#### Exercise brief
For this listing, the lines between the one holding "A deciduous, summer-flowering" and the one holding "Sprzedam ładną widoczną", inclusive, must be set down exactly.

#### Exercise materials
================================
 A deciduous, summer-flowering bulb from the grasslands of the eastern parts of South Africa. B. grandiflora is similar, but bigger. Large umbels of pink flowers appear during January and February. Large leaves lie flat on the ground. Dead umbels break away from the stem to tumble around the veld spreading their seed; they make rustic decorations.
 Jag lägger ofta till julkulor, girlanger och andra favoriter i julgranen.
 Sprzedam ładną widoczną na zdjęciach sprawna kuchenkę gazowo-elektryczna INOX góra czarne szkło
================================
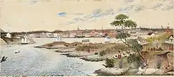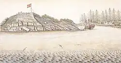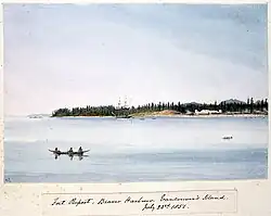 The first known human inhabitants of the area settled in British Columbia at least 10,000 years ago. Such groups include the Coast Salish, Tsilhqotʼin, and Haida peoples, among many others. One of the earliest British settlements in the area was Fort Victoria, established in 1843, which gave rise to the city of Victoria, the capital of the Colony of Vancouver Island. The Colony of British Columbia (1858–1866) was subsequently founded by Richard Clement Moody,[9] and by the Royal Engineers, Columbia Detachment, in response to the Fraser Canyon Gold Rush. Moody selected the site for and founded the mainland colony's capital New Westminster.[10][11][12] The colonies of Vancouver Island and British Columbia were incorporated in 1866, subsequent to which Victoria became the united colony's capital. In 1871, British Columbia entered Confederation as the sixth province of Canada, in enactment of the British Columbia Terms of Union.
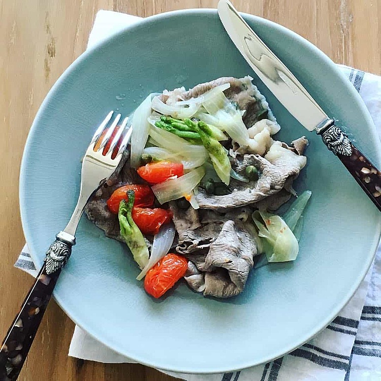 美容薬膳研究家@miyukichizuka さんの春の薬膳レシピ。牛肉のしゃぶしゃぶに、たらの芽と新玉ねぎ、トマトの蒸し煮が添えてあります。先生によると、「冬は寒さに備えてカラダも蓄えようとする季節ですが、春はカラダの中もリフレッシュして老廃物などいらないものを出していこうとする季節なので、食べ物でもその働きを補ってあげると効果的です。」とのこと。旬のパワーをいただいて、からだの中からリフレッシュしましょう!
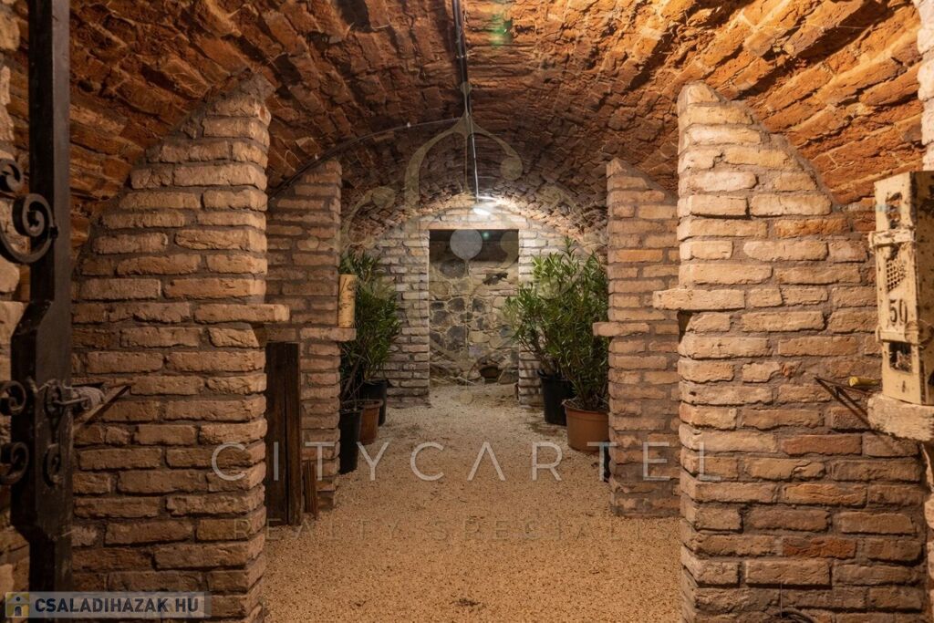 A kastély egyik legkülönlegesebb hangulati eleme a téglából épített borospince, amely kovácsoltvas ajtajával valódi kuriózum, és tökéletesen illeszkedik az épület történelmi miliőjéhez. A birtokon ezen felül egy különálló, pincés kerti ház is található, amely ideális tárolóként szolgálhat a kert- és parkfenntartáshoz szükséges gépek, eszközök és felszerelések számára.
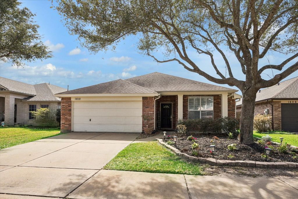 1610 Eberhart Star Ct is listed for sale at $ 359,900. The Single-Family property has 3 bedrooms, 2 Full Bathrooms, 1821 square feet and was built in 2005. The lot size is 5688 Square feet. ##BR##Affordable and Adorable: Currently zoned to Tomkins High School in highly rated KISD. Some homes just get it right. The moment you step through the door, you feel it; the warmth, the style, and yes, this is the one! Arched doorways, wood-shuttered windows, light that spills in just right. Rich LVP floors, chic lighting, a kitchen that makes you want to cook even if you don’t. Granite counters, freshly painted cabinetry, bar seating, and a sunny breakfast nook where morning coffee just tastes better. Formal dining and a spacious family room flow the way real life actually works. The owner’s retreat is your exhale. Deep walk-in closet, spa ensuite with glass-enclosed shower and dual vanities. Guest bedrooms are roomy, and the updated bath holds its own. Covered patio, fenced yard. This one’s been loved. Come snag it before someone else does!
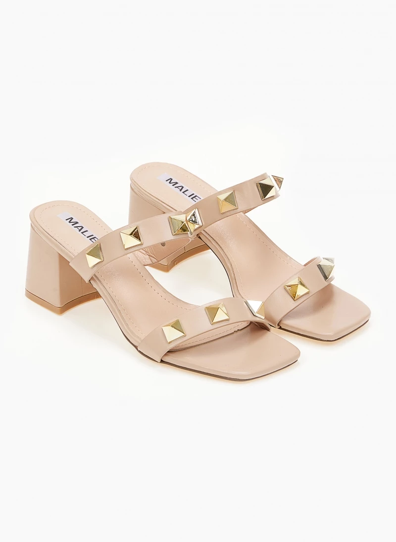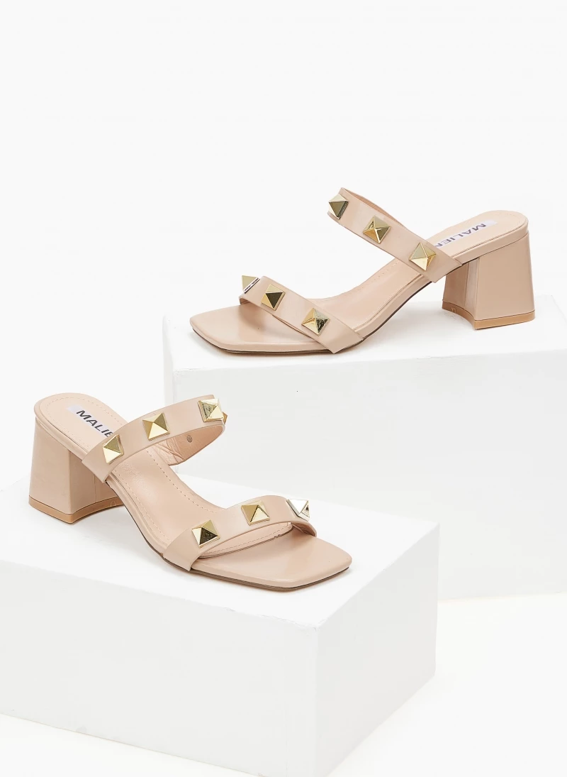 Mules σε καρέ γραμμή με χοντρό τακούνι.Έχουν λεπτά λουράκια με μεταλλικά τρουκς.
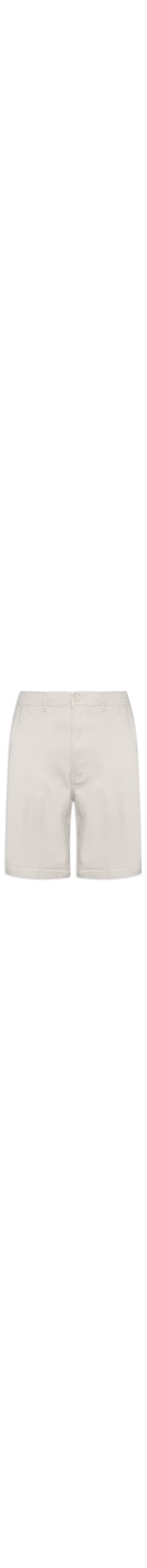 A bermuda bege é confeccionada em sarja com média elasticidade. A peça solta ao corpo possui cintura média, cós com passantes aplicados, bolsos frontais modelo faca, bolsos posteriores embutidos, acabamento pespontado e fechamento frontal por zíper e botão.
================================
#### Result of the exercise
 A deciduous, summer-flowering bulb from the grasslands of the eastern parts of South Africa. B. grandiflora is similar, but bigger. Large umbels of pink flowers appear during January and February. Large leaves lie flat on the ground. Dead umbels break away from the stem to tumble around the veld spreading their seed; they make rustic decorations.
 Jag lägger ofta till julkulor, girlanger och andra favoriter i julgranen.
 Sprzedam ładną widoczną na zdjęciach sprawna kuchenkę gazowo-elektryczna INOX góra czarne szkło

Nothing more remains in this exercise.